____ DATA BLOCK

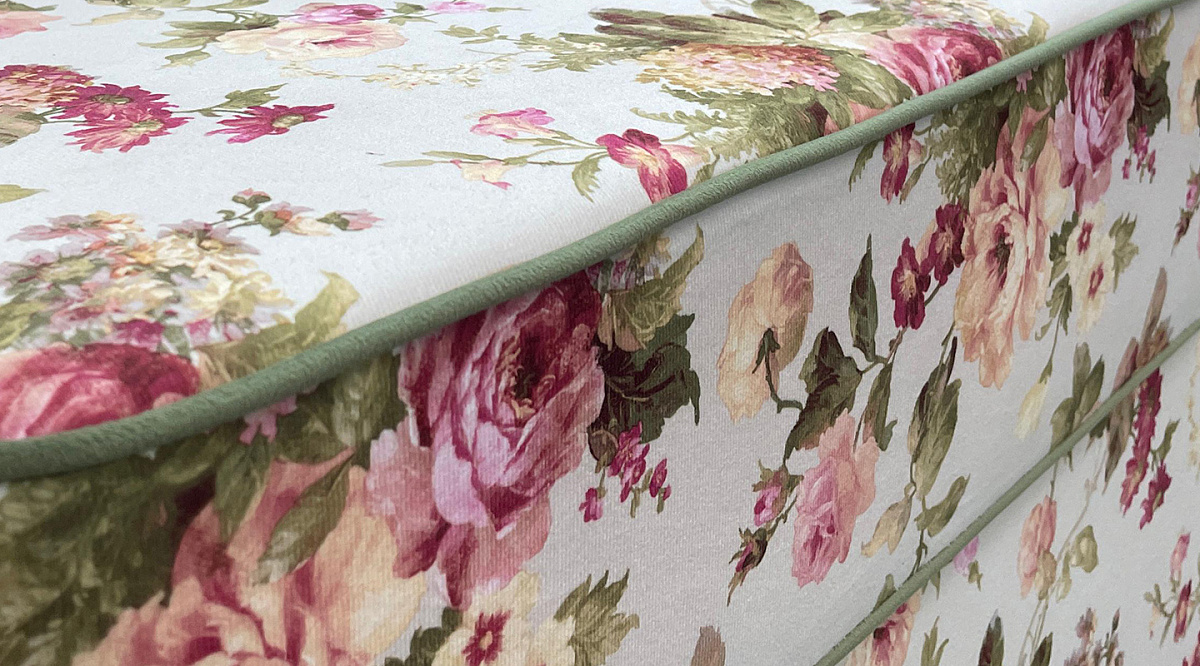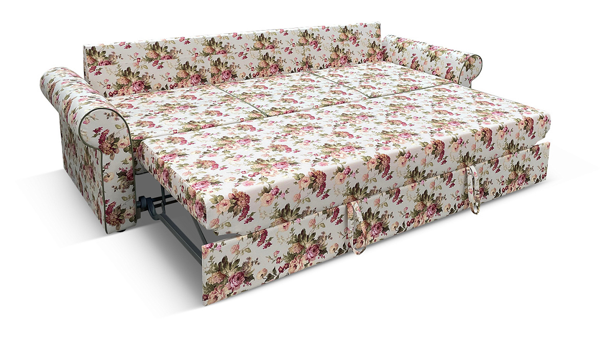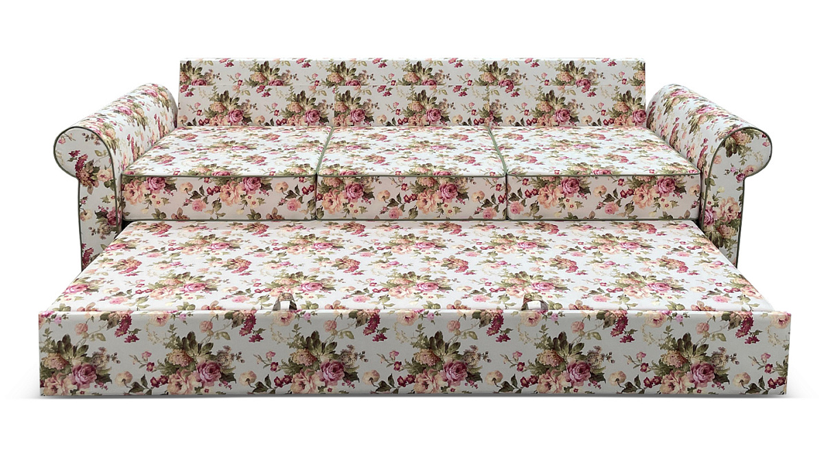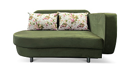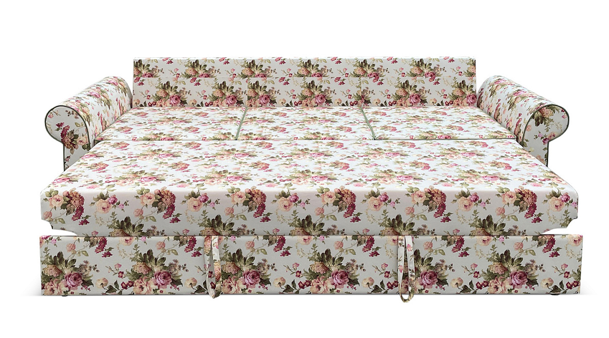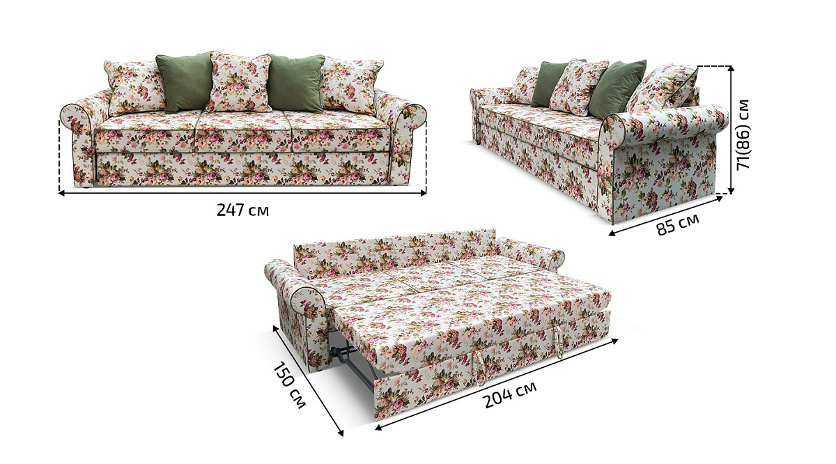 Модель представлена в нейтральный серых оттенках и ярких цветочных узорах на бежевом фоне. Диван отлично подойдет и для зонирования комнаты, и для нейтральных простых интерьеров. Он всегда будет в центре внимания.
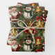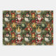 Ce papier d'emballage de Noël présente un motif répétitif de personnages festifs et d'ornements sur un arrière - plan vert foncé. Le design comprend : Jolly Santa Claus : Un Père Noël debout avec un sourire amical, agitant. Rindeer : Un renne avec un nez rouge et un sucre de canne. Snowman souriant : un bonhomme de neige portant un chapeau supérieur et une écharpe verte. Ornements heureux : Une variété de grands ornements souriants, dont une étoile dorée et une baule verte avec un design de flocon de neige. L'arrière - plan est rempli d'éléments de Noël classiques comme des feuilles saints, des baies rouges et des flocons blancs, créant un look de vacances détaillé et traditionnel.
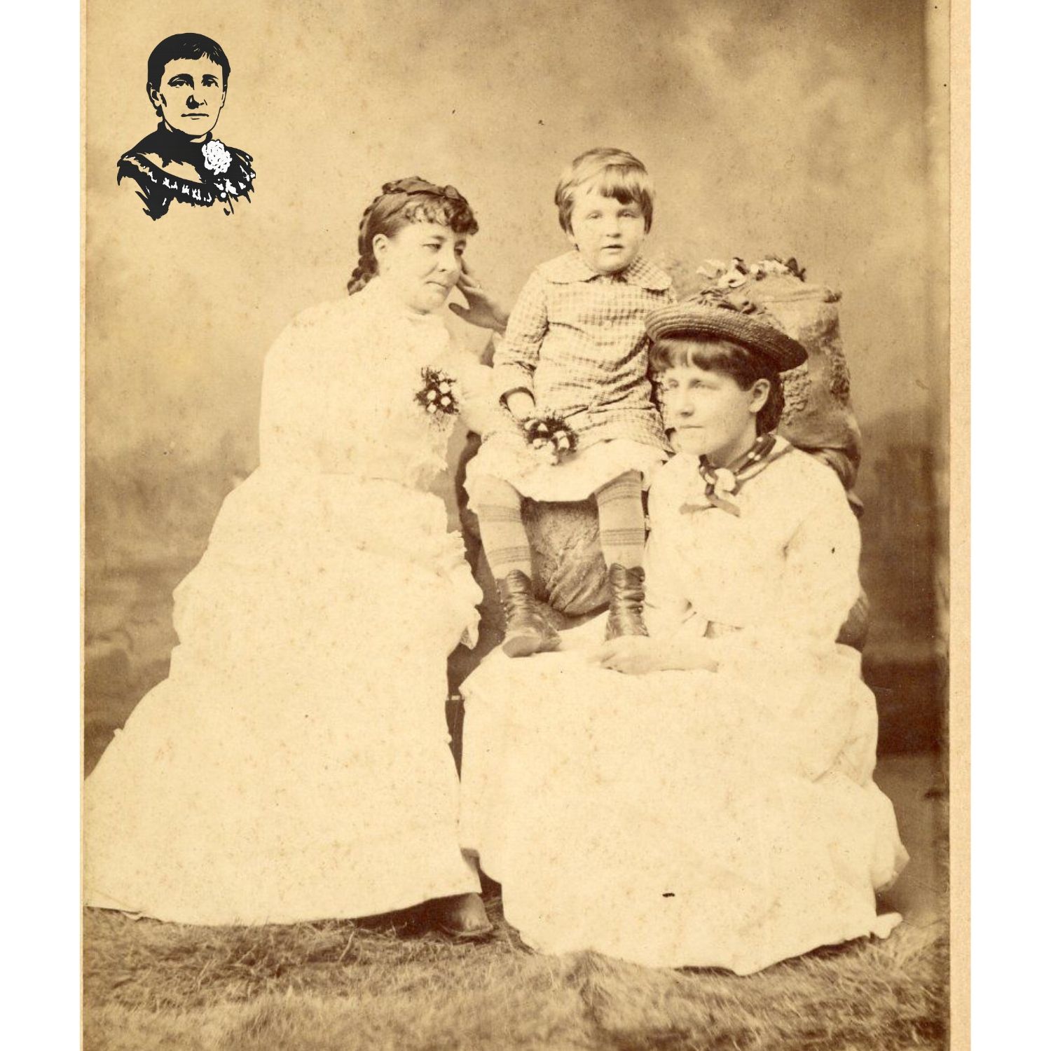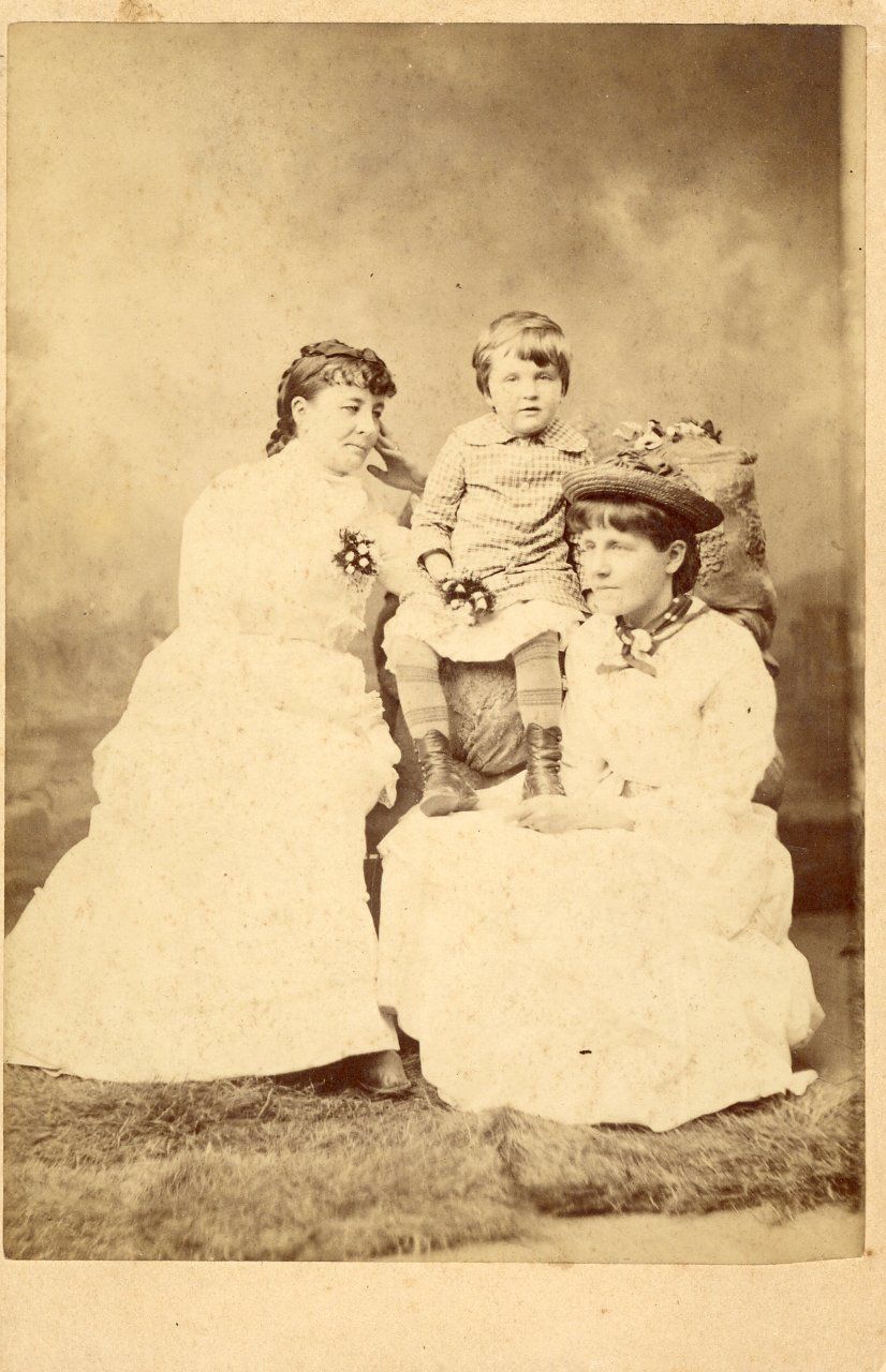 Photograph, cabinet. Image of Fanny C. S.[Shellman] Pearson, Mary B. Shellman and Paul Reese by unknown photographer. Undated. Handwritten on reverse side "Fanny C.S. Pearson, Mary B. Shellman, Paul Reese." Also "80’s" written at another time. Full-length photo shows two sisters seated on either side of young child about 3-4 years of age. 6.5" x 4.25". x. 1880sContext

________

Please retype the listing exactly, leaving out any images.

▶ EXPECTED ANSWER:
 Модель представлена в нейтральный серых оттенках и ярких цветочных узорах на бежевом фоне. Диван отлично подойдет и для зонирования комнаты, и для нейтральных простых интерьеров. Он всегда будет в центре внимания.
 Ce papier d'emballage de Noël présente un motif répétitif de personnages festifs et d'ornements sur un arrière - plan vert foncé. Le design comprend : Jolly Santa Claus : Un Père Noël debout avec un sourire amical, agitant. Rindeer : Un renne avec un nez rouge et un sucre de canne. Snowman souriant : un bonhomme de neige portant un chapeau supérieur et une écharpe verte. Ornements heureux : Une variété de grands ornements souriants, dont une étoile dorée et une baule verte avec un design de flocon de neige. L'arrière - plan est rempli d'éléments de Noël classiques comme des feuilles saints, des baies rouges et des flocons blancs, créant un look de vacances détaillé et traditionnel.
 Photograph, cabinet. Image of Fanny C. S.[Shellman] Pearson, Mary B. Shellman and Paul Reese by unknown photographer. Undated. Handwritten on reverse side "Fanny C.S. Pearson, Mary B. Shellman, Paul Reese." Also "80’s" written at another time. Full-length photo shows two sisters seated on either side of young child about 3-4 years of age. 6.5" x 4.25". x. 1880sContext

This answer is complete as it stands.